I couldn’t sleep that night. I wanted to be in the little apartment I shared with my mom, and didn’t understand why I couldn’t sleep there without her. She appeared the next morning, ecstatic about the man who had dug out her car, grasping the hands of our neighbor, eyes wide. I knew she had spent the night at his place instead of coming home. I knew, or I thought. What’s the difference? Still, it was nice to see her so happy, her pale cheeks glowing pink from the cold. I wished I could make her that happy.
Now there’s a hurricane coming, and my mom has still been gone for over twelve years. Every memory I have of her, good or not, is colored by her death. The gun. Her handwritten notes. Everything left behind. All the choices I made in the aftermath.
That was like a hurricane, too. A storm composed itself and I couldn’t predict its force or direction, though I could certainly feels its magnetic tendrils gathering together; aiming.

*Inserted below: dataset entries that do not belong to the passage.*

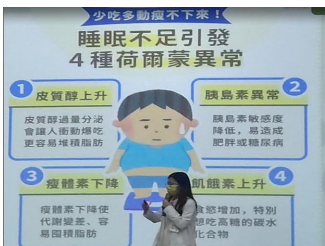
1130314健康體位保健講座
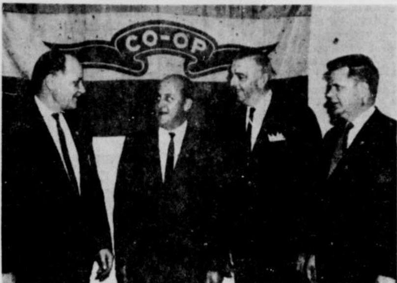
PREMIER CONGRES. — Le premier congrès de la Coopération dans les Bois-Francis a été couronné d'un succès sans précédent...
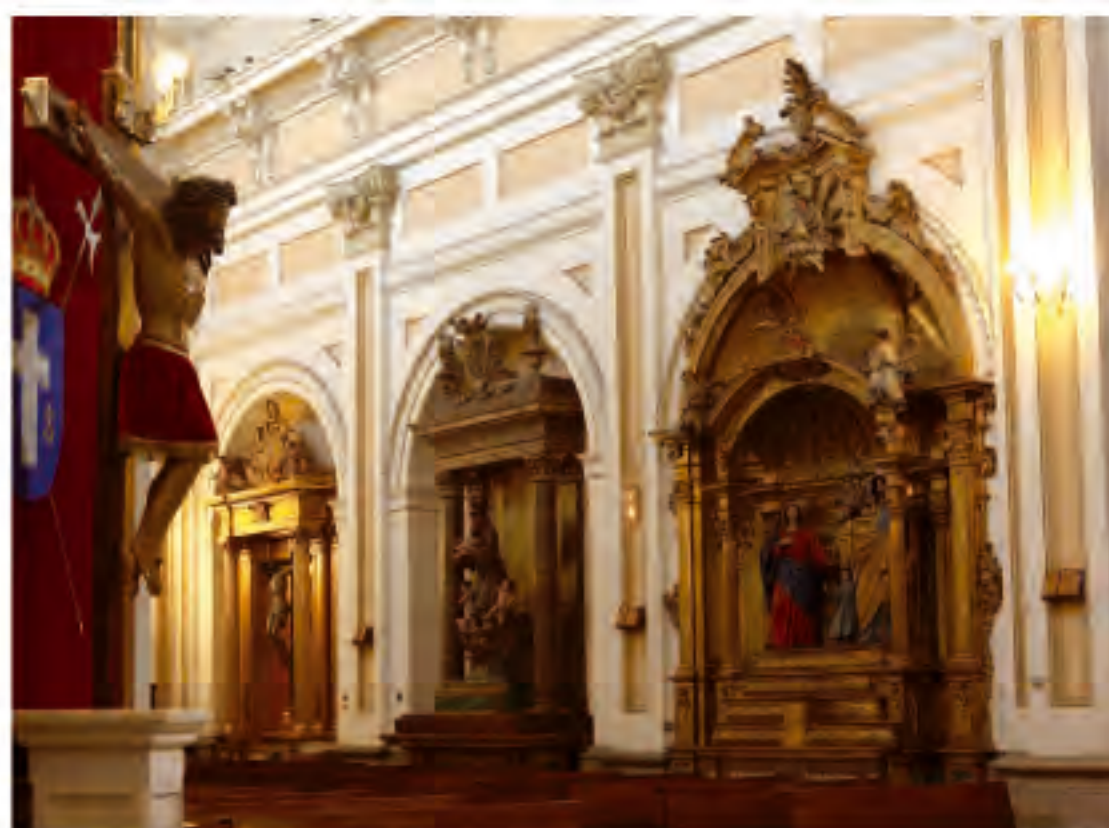
Interior de la iglesia. Detalle de las capillas de la nave principal.

La desamortización de Mendizábal (1836), no afectó a nuestro convento que sin embargo en 1839 vendió la zona de residencia de las monjas que se había construido en 1725 a la familia Lezcano que lo convirtió en su residencia hasta el año 1944, año en el que fue vendido y sus viviendas desalojadas sucesivamente. En 1976 y en estado ruinoso, el Palacio Lezcano fue comprado por el Ayuntamiento de Madrid que lo reestructuró totalmente el edificio para convertirlo en sede de la Delegación de Hacienda.
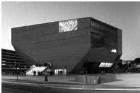
casa da música

「カーザ・ダ・ムジカ」、日本語で「音楽の家」を意味するこの施設は、音楽による創造を目的としたポルトガル初の音楽専門施設として2005年に開館し、多様な芸術・文化が融合したフェスティバルやコンサートを開催しています。“音楽は芸術であると同時に人々の心の豊かさを育むもの”という信念のもと、あらゆる人に豊かな音楽体験をしてもらうことを教育プログラムの使命として掲げ、地域に根ざした活動や市民が積極的に携わるプロジェクトを展開しています。
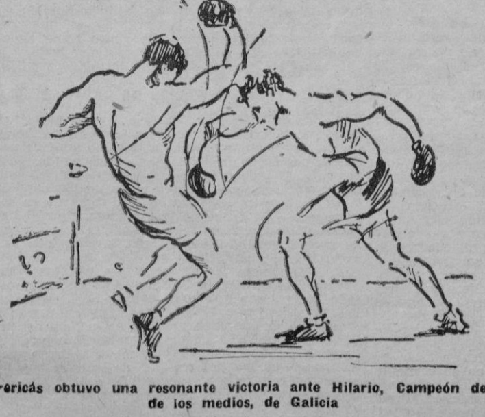
Hilaro obtuvo una resonante victoria ante Hilaro, Campeón de los medios, de Galicia

Atlético Baleares-Antoniana Mañana sábado en el campo de la Juventud Antoniana dará comienzo el Campeonato de 1.ª Categoría de la actual temporada futbolística. Interesante se presenta la contienda el debut de los Antonianos en esta Competición es una incógnita, sabemos que ha reforzado su equipo para poder hacer frente a los conjuntos más peligrosos de esta Competición. Se espera que el campo de la Antoniana se verá concurrido en la tarde de mañana, dando comienzo la contienda a las 6'30.
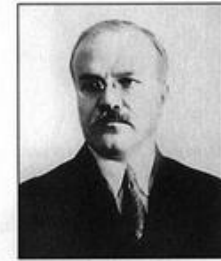
В. М. Молотов — зам. Председателя ГКО
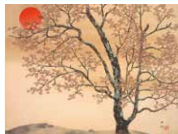
横山大観《春朝》山種美術館
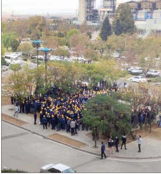
إضرابات في مصنع أصفهان للحديد

بدورها، أشارت منظمة «هتغوا» الكردية لحقوق الإنسان إلى حدوث إضرابات جماعية في المدن التي يقطنها غالبية من الأكراد في شمال وشمال غربي إيران. كما أصرت جامعات في هذه المناطق، وأشارت إلى إضرابات في مدن بوكان وديواندره ومریان وسنندج وتحولت المسيرات الاحتجاجية
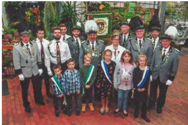
Nach zwei Jahren ohne Schützenfest wird die coronabedingt verlängerte Regentschaft der Königsfamilie 2019 zu Ende gehen

Das Kinderkomitee hat sich wieder zahlreiche Aktivitäten für die Kinder einfallen lassen. Die Erwachsenen können sich in der
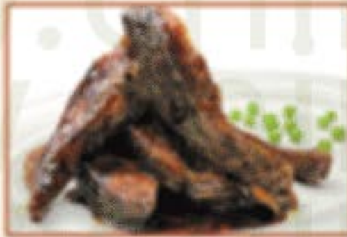
K6. 五香熏鱼 Fünf-Gewürze geräucherter Fisch D,F 12,00€

There was no way to prepare, no known way to respond. No emergency management or disaster declaration. After the worst of the storm passed, more storms came, but I had to go on living my life as if my mom had died a regular death. As if she hadn’t shot herself. As if she hadn’t lied about having cancer. I had to do that not for myself, but because other treated her suicide like some sort of contagion. They wanted to contain it and wrap it in a pretty bow, so they could understand it.

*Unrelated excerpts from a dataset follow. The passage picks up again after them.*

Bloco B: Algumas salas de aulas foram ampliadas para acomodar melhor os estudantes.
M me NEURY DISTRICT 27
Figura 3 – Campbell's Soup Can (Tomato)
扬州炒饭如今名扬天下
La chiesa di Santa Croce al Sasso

We cannot really understand hurricanes, and why they happen, and where they come from, just as we can’t understand ourselves, and why we’re here, and where we have come from, or where we will go when our time is done here.
What is a hurricane but an event we cannot control; a mirror of our own vulnerability fiercely held in front of us.
I always wondered about people who lived in hurricane-prone areas. Why not leave? Leave when the hurricane is headed towards you. Or move to some other place where there are no hurricanes. Now I understand: there’s no way to tell who will be most impacted by the hurricane. There’s nowhere without hurricanes in some form or another. Wildfires, earthquakes, tornadoes. Humans.
We are, in a way, hurricanes, barreling through this planet without warning. Unlike hurricanes we are sentient. We know what we are doing but we act as if we are powerless to stop ourselves.
Hurricane as theoretical lens.
Hurricane as God.
Hurricane as renewal, or warning, or sign, or (blank).
I have weathered many hurricanes.
I am a hurricane.
Sometimes I need reminding.
Sunrise Letters is my daily commitment to writing every weekday morning. These notes are unedited and unplanned. Thank you so much for reading.
I hope this hurricane, and the one in your immune system, are kind to you, even if they can’t all be.